Outro ponto importante e ignorado na discussão da inclusão é a regularização do atendimento pelos profissionais de apoio, categoria inexistente na rede municipal. O acompanhamento das crianças com demandas específicas advindas de deficiências é feito por meio de convênios, por estagiários, que criam um vínculo mais frágil com esse público.
Letícia Mara avalia que a campanha eleitoral não aprofunda o debate público sobre educação, e eventuais mudanças só devem vir com o novo Plano Municipal de Educação, que deve ser debatido em 2025. "A cidade tem recursos, com aumento de arrecadação nos últimos anos, e esses pontos precisam ser considerados como prioridade para que o direito à educação seja plenamente garantido", completa a pesquisadora.
A saúde também é tema de destaque na cidade e um forte indutor de desigualdades. No caso da mortalidade infantil, segundo dados do IBGE, Curitiba tem taxa de 8,59 óbitos por mil nascidos vivos e ocupa a 3.355º posição no país, de um total de 5.570 municípios. O ODS 2, de erradicação da fome, no qual estão compilados indicadores como a obesidade infantil e o baixo peso ao nascer, tem pontuação de 56,25 (de 100), e há desafios na cobertura vacinal e na cobertura de unidades básicas de saúde, presentes no ODS 3.

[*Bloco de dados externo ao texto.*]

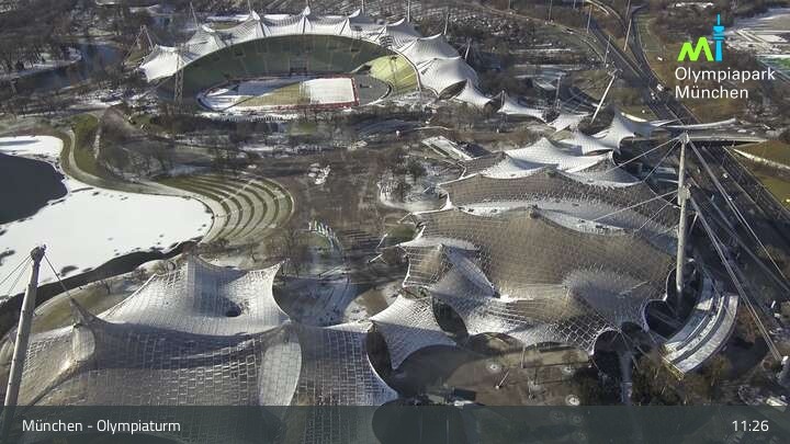 Im nordwestlichen Teil der Münchner Innenstadt befindet sich am Olympiaturm diese Webcam mit dem direkten Blick auf den Olympiapark. Zu sehen sind unter anderem das Olympiastadion und die Olympiahalle, beliebte Orte für Veranstaltungen und Konzerte. Wichtiger Hinweis: Bei großen Veranstaltungen kann es sein, dass die Webcam vorübergehend deaktiviert wird.

Segundo o professor do Departamento de Saúde Coletiva da UFPR Deivisson Vianna, membro da atual gestão da Associação Brasileira de Saúde Coletiva, apenas 17% da população da cidade tem agentes comunitários de saúde (ACSs) de referência, profissionais considerados cruciais para a manutenção de bons índices de vacinação e de outras estratégias de promoção de saúde, como as necessárias para promover o atendimento pré-natal e pediátrico na primeira infância.

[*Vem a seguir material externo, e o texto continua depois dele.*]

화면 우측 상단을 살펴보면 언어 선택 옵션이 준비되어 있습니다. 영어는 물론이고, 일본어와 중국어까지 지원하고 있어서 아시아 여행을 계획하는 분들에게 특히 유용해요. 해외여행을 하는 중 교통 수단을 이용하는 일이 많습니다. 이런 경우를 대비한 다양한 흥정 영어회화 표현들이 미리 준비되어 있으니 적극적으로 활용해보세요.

"O ACS verifica a situação da criança ao sair do hospital, a amamentação, a cobertura vacinal, que também está abaixo do ideal no município. A cidade está pagando a conta do baixo investimento na atenção primária. Isso é um tema marginal, de alguns candidatos, na campanha, um assunto que passa desapercebido da população, focada em hospitais e ambulâncias, mas que não percebe o impacto real do atendimento básico", diz Vianna.

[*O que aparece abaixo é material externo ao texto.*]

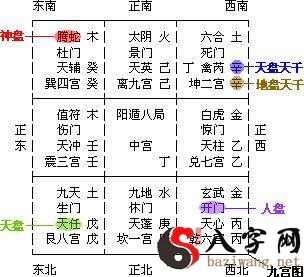 在其中《奇门统宗(tongzong)》有记述“奇门占法要分声响的用处yongchu静则只查值chazhi符、值使、shigan时干,看其(kanqi)wuxingshengke五行生克衰旺怎样(zenyang)。动不动专看方位,盖动者机之先见者也。如闻南方(nanfang)的事则占离位闻北方的事则占坎位(kanwei)” 原文中yuanwenzhong这句话所体现的断局duanju方位和思路是,静赏值符、值使、时干(shigan)五行生克(wuxingshengke)衰旺,动不动kanqi看其方向(fangxiang)上“天”“地”“人”“神”四盘(sipan)情况的断卦方式。

De acordo com o professor, a rede de saúde foi duramente impactada pela pandemia, por uma opção da gestão municipal. Segundo ele, na época do pico da pandemia, cerca de metade das unidades básicas de saúde (UBSs) foram fechadas temporariamente. Quando reabertas, perderam muito de sua capacidade de resolver problemas das populações que as tinham por referência, após a diminuição no investimento nessas estratégias.
"A atenção primária, e toda sua capilaridade [por estarem descentralizadas nos bairros], tem papel fundamental para evitar as desigualdades de acesso, principalmente de populações mais vulnerabilizadas, que sofrem mais com o acesso às estruturas de saúde. A gente não vê no município políticas específicas de saúde com cortes raciais, e a cidade aparentemente entende que isso não é uma questão", completa Vianna.
"O aumento da demanda tende a piorar o cuidado prestado a essas populações, pois para as populações vulnerabilizadas se exige maior intensidade de tecnologias leves de cuidado, com presença de mais equipes e a capacidade de compreender os problemas de forma intersetorial, articular o cuidado com outras políticas públicas, como a busca ativa", acrescenta o pesquisador, para quem momentos de maior demanda invertem a lógica de atendimento, que passa a ser de resoluções sintomáticas, para a qual esses grupos sociais acabam escanteados.
Vianna destacou ainda que, na campanha eleitoral curitibana, hoje, a saúde não está no foco principal. As soluções propostas nos programas de governo são genéricas e poucas mencionam a importância do fortalecimento da atenção primária. Os hospital, pronto-atendimento e a urgência e emergência são o foco das propostas.